Teaching LLM to Reason: Reinforcement Learning from Algorithmic Problems without Code
This addresses the issue of overfitting in LLM reasoning training for researchers and practitioners, offering an incremental improvement over existing methods.
The paper tackles the problem of improving LLM reasoning by reducing overfitting to algorithmic patterns in code-based training, proposing TeaR, which uses curated data and reinforcement learning to guide reasoning paths, resulting in performance improvements such as 35.9% on Qwen2.5-7B and 5.9% on R1-Distilled-7B across 17 benchmarks.

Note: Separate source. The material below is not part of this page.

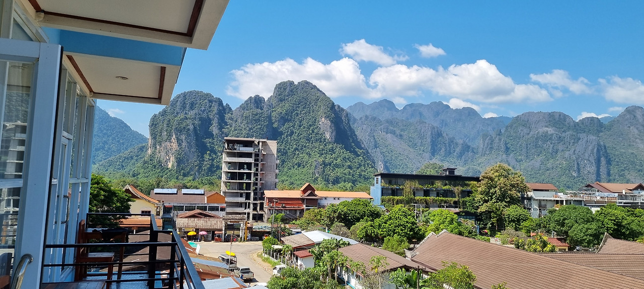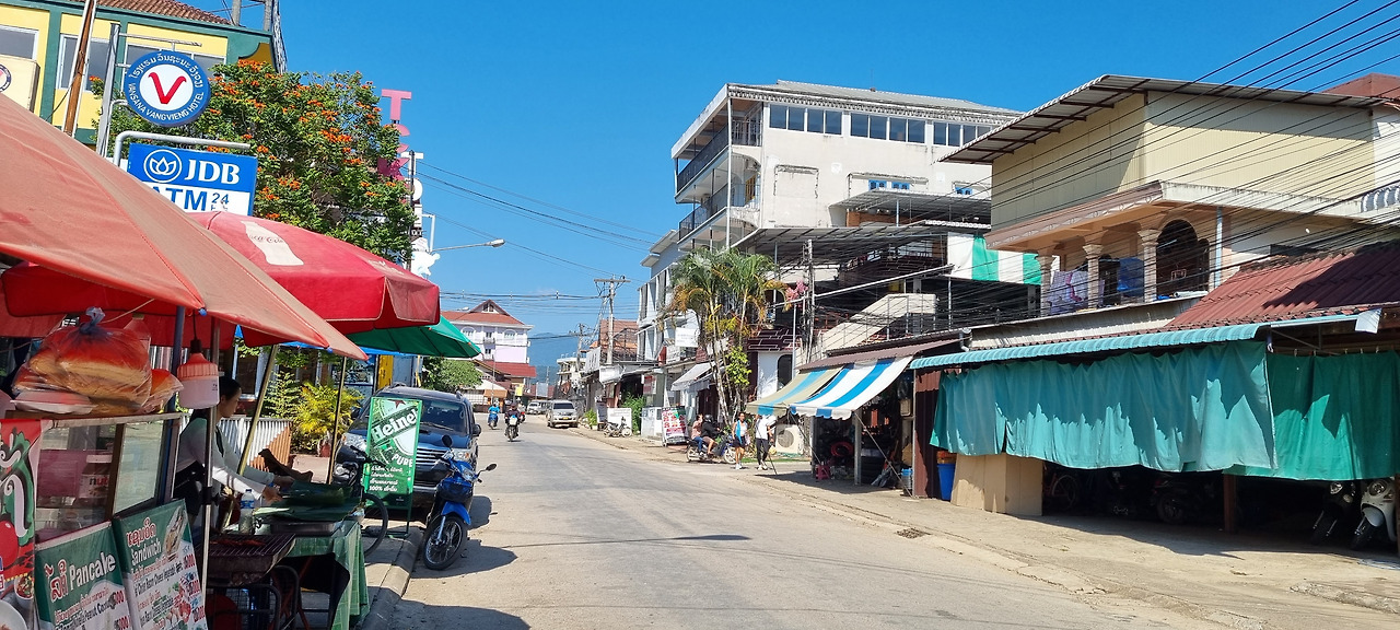 아침에 픽업을 온 툭툭이를 타고 방비엥행 밴이 출발하는 곳으로 갔다. 대여섯 대의 밴이 대기하고 았었는데, 여러 곳에서 모인 여행객들이 각자에게 지정된 밴에 탑승하자 차들은 곧 출발였다. 시내를 빠져나오자 바로 고속도로다. 고속도로는 한산하다. 우리가 탄 밴은 시속 90킬로 정도로 달리는데, 그동안 시골길로 덜컹거리며 달리는 차들만 탄 때문인지 엄청 빠른 느낌이다. 한 시간 조금 넘는 시간을 달려 방비엥에 도착했다.

Enhancing reasoning capabilities remains a central focus in the LLM reasearch community. A promising direction involves requiring models to simulate code execution step-by-step to derive outputs for given inputs. However, as code is often designed for large-scale systems, direct application leads to over-reliance on complex data structures and algorithms, even for simple cases, resulting in overfitting to algorithmic patterns rather than core reasoning structures. To address this, we propose TeaR, which aims at teaching LLMs to reason better. TeaR leverages careful data curation and reinforcement learning to guide models in discovering optimal reasoning paths through code-related tasks, thereby improving general reasoning abilities. We conduct extensive experiments using two base models and three long-CoT distillation models, with model sizes ranging from 1.5 billion to 32 billion parameters, and across 17 benchmarks spanning Math, Knowledge, Code, and Logical Reasoning. The results consistently show significant performance improvements. Notably, TeaR achieves a 35.9% improvement on Qwen2.5-7B and 5.9% on R1-Distilled-7B.